HOW TO COMPLETE THIS TASK: Leaving every image behind, reproduce the records word for word.

Records excerpted from a collection:
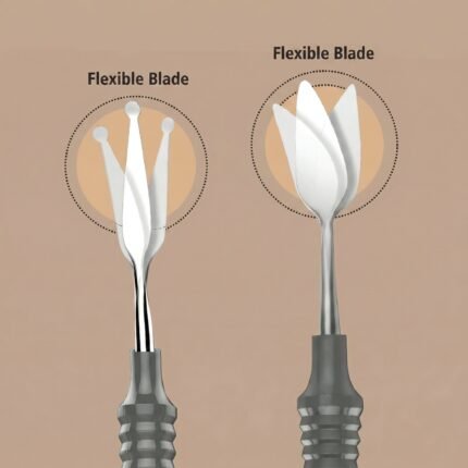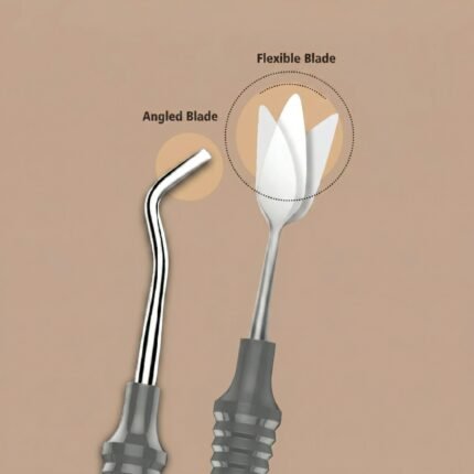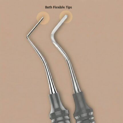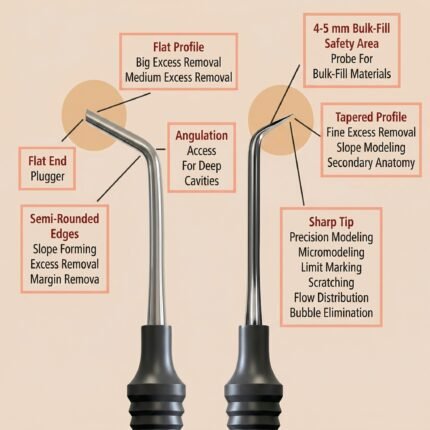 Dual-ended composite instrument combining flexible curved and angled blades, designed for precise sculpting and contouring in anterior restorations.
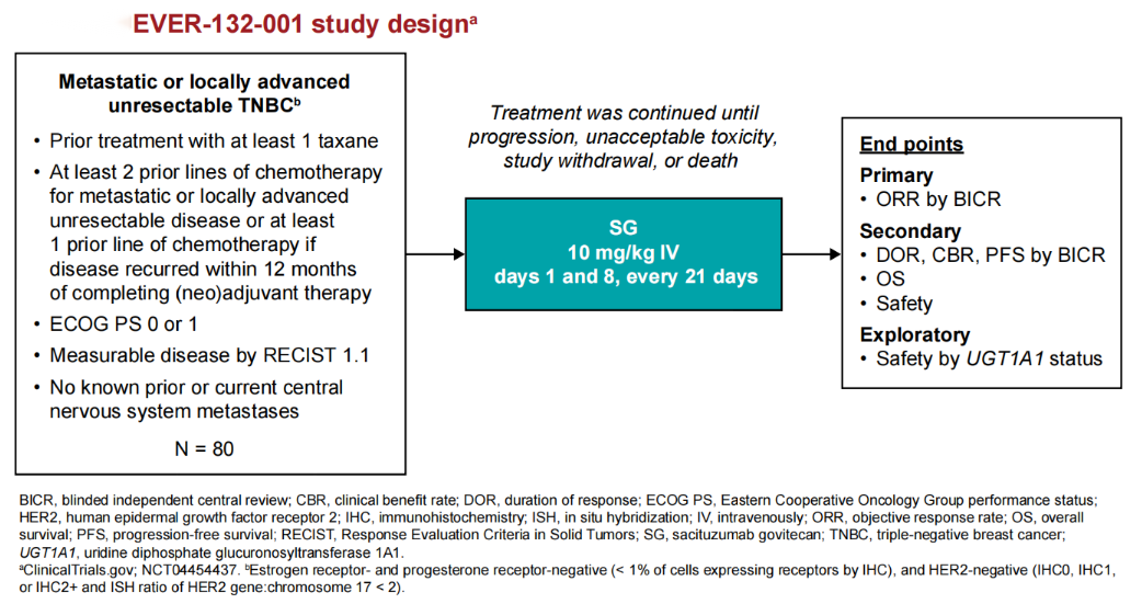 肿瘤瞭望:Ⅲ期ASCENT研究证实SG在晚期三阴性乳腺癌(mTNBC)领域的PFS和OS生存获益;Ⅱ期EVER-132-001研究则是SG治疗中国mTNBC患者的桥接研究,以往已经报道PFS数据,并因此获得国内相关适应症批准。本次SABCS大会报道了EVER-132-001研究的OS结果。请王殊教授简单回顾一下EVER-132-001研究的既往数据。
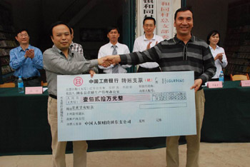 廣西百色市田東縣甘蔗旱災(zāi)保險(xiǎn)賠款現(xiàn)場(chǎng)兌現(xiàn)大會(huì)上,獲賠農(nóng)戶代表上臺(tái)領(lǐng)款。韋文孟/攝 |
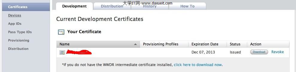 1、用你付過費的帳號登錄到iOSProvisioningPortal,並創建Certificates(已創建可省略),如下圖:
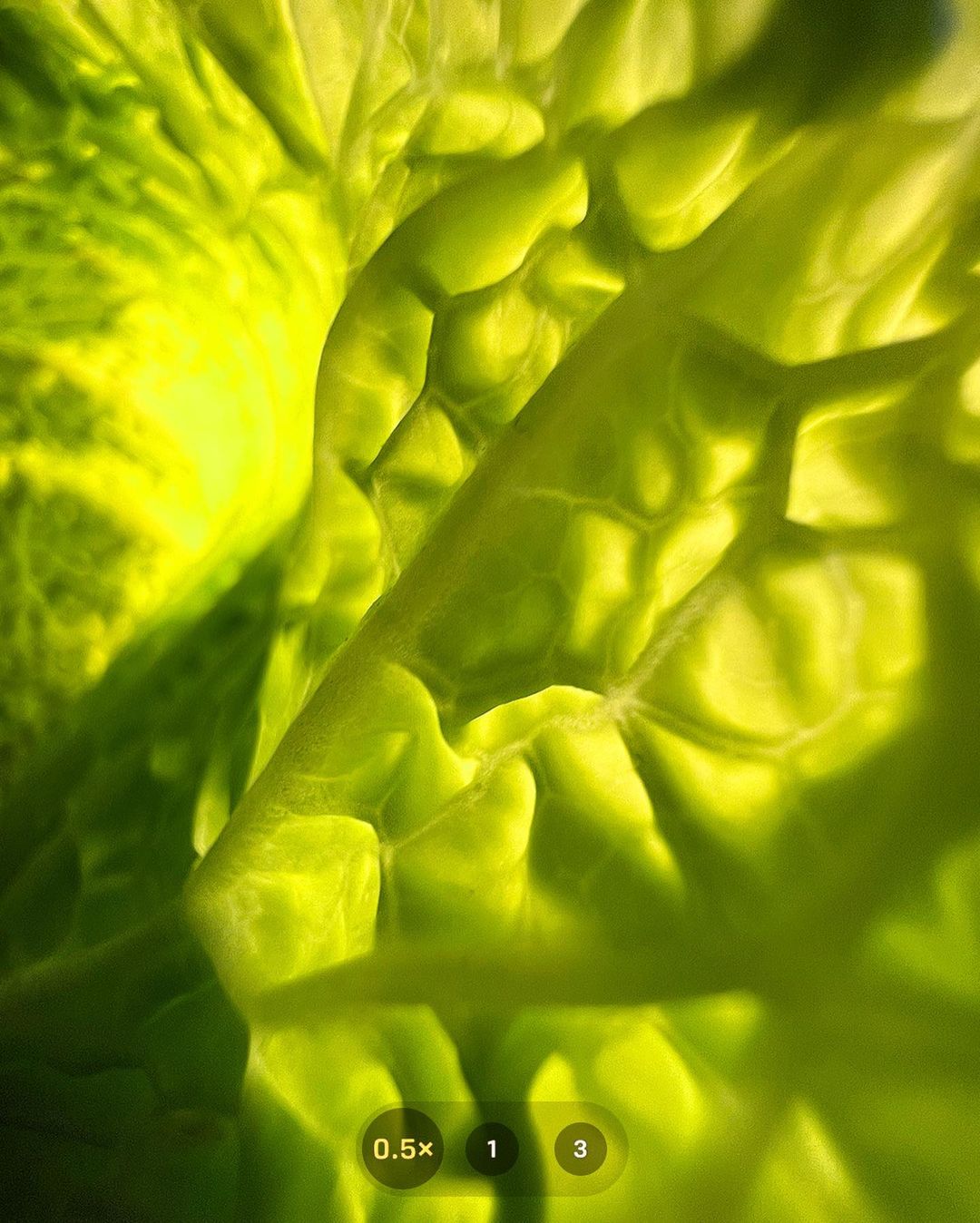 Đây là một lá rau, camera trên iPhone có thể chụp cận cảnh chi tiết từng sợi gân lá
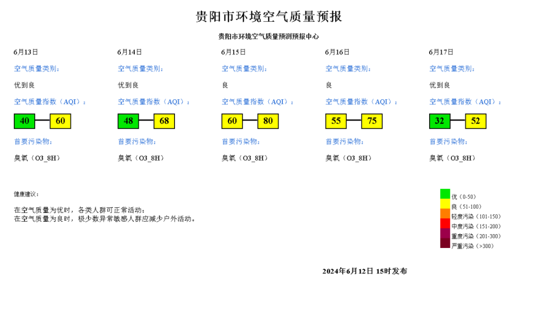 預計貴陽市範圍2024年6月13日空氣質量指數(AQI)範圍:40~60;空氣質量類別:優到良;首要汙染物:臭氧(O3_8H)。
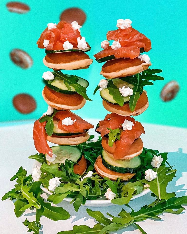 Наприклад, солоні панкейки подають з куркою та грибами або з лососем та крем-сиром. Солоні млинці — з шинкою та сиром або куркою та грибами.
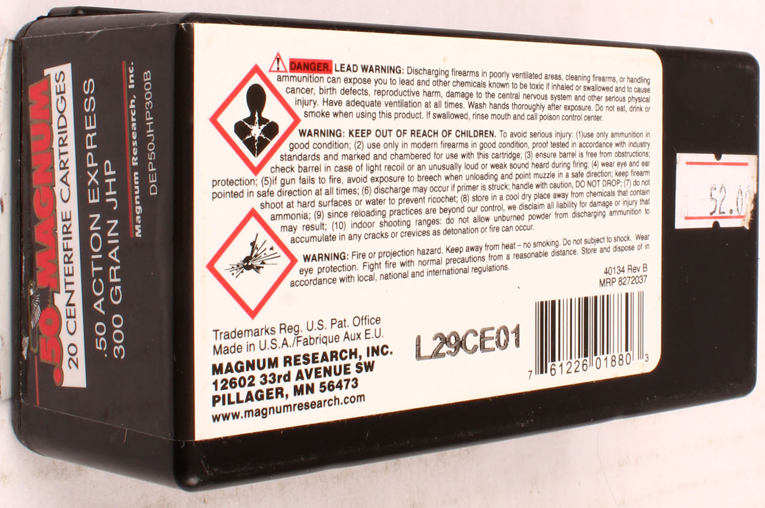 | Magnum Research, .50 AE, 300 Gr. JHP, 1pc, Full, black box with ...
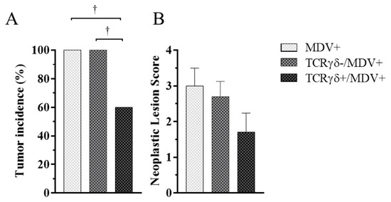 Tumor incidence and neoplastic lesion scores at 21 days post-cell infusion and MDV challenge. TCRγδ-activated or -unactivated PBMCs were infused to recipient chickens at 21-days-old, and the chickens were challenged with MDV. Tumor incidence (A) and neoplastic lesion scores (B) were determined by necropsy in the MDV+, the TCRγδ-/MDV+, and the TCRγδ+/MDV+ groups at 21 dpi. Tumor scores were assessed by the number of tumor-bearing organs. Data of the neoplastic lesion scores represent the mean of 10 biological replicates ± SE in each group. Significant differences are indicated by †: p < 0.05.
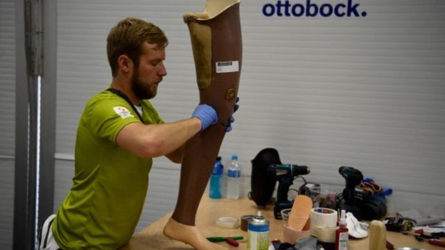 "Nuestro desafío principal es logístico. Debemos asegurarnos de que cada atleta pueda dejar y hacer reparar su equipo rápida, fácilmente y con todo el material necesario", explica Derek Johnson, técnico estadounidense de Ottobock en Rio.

TASK OUTPUT:
 Dual-ended composite instrument combining flexible curved and angled blades, designed for precise sculpting and contouring in anterior restorations.
 肿瘤瞭望:Ⅲ期ASCENT研究证实SG在晚期三阴性乳腺癌(mTNBC)领域的PFS和OS生存获益;Ⅱ期EVER-132-001研究则是SG治疗中国mTNBC患者的桥接研究,以往已经报道PFS数据,并因此获得国内相关适应症批准。本次SABCS大会报道了EVER-132-001研究的OS结果。请王殊教授简单回顾一下EVER-132-001研究的既往数据。
 廣西百色市田東縣甘蔗旱災(zāi)保險(xiǎn)賠款現(xiàn)場(chǎng)兌現(xiàn)大會(huì)上,獲賠農(nóng)戶代表上臺(tái)領(lǐng)款。韋文孟/攝 |
 1、用你付過費的帳號登錄到iOSProvisioningPortal,並創建Certificates(已創建可省略),如下圖:
 Đây là một lá rau, camera trên iPhone có thể chụp cận cảnh chi tiết từng sợi gân lá
 預計貴陽市範圍2024年6月13日空氣質量指數(AQI)範圍:40~60;空氣質量類別:優到良;首要汙染物:臭氧(O3_8H)。
 Наприклад, солоні панкейки подають з куркою та грибами або з лососем та крем-сиром. Солоні млинці — з шинкою та сиром або куркою та грибами.
 | Magnum Research, .50 AE, 300 Gr. JHP, 1pc, Full, black box with ...
 Tumor incidence and neoplastic lesion scores at 21 days post-cell infusion and MDV challenge. TCRγδ-activated or -unactivated PBMCs were infused to recipient chickens at 21-days-old, and the chickens were challenged with MDV. Tumor incidence (A) and neoplastic lesion scores (B) were determined by necropsy in the MDV+, the TCRγδ-/MDV+, and the TCRγδ+/MDV+ groups at 21 dpi. Tumor scores were assessed by the number of tumor-bearing organs. Data of the neoplastic lesion scores represent the mean of 10 biological replicates ± SE in each group. Significant differences are indicated by †: p < 0.05.
 "Nuestro desafío principal es logístico. Debemos asegurarnos de que cada atleta pueda dejar y hacer reparar su equipo rápida, fácilmente y con todo el material necesario", explica Derek Johnson, técnico estadounidense de Ottobock en Rio.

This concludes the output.